The learning and evolution of LEAPS2 towards a powerful system modelling tool can occur along three dimensions, viz. data sets, attributes, and surrogates. Our progressive development of LEAPS2 in this work shows its evolution with respect to data sets. As we added more and more data sets progressively, LEAPS2 learnt. In other words, by progressively adding data, we demonstrate that LEAPS2 learns to improve computational efficiency and functional accuracy. Apart from data sets, the architecture of LEAPS2 enables its evolution via more attributes and surrogates. The addition of the new attributes will equip LEAPS2 for better system identification while the new surrogates will provide more options for system approximation. Overall, such learning will impart more versatility to LEAPS2 and extend its ability to handle more complex systems.

Besides its learning ability, we demonstrate the practicality of LEAPS2 by employing it to recommend surrogates for estimating the bubble and dew point temperatures of LNG. Interestingly, our assistive tool suggests a different surrogate for each temperature, and hints that DPT may be harder to approximate than BPT. Finally, we compare the performance of LEAPS2 with the metalearning-based recommendation scheme (CRS) of Cuit et al. [4]. CRS in contrast to LEAPS2 recommends only a surrogate modelling technique rather than a surrogate model.
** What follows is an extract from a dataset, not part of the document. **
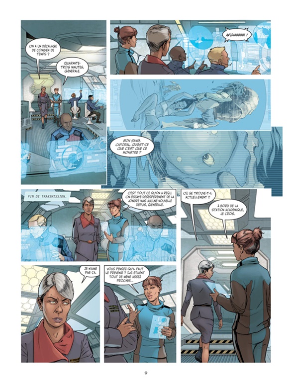 Mes dernières lectures ont été pour moi assez calamiteuses. Je me suis même demandé un moment si j’ aimais encore la BD. Rien que pour ça, je remercie ce titre Sol-13 pour me redonner un peu de plaisir pendant une lecture. Enfin une histoire linéaire, claire et avec une crédibilité qui tient la route. J’ ai aussi bien reconnu tous les personnages et trouvé les dialogues cohérents. Punaise que ça fait du bien. Certes le récit est assez basique mais le décorum est convaincant. Vous y trouverez certainement pas mal de similitudes avec des grands films de SF. Allez savoir qui s’est inspiré de qui ?

Therefore, a straightforward comparison is not entirely fair. However, we can still compare CRS and LEAPS2 based on their success in identifying the best modelling technique. To this end, we use the LEAPS2 to recommend the best modelling techniques for all 264 data sets. LEAPS2 identifies the true best for 236 data sets, thus achieves coefficient of success (CoS) of 0.89. CRS achieves an average CoS of 0.84 [4]. Clearly, LEAPS2 performs better than CRS in recommending modelling techniques despite its generalized philosophy.

In brief, LEAPS2 is a comprehensive, practical, and assistive data-driven surrogate selection paradigm that holds much promise.

References:

[1] Lessmann, S., Stahlbock, R., & Crone, S. F. (2006). Genetic algorithms for support vector machine model selection. In Neural Networks, 2006. IJCNN’06. International Joint Conference on (pp. 3063–3069). IEEE.

[2] Yeun, Y.-S., Ruy, W.-S., Yang, Y.-S., & Kim, N.-J. (2004). Implementing linear models in genetic programming. IEEE transactions on evolutionary computation, 8, 542–566.

[3] Goel, T., Haftka, R. T., Shyy, W., & Queipo, N. V. (2007). Ensemble of surrogates. Structural and Multidisciplinary Optimization, 33, 199–216.

[4] Cui, C., Hu, M., Weir, J. D., & Wu, T. (2016). A recommendation system for metamodeling: A meta-learning based approach. Expert Systems with Applications, 46, 33–44.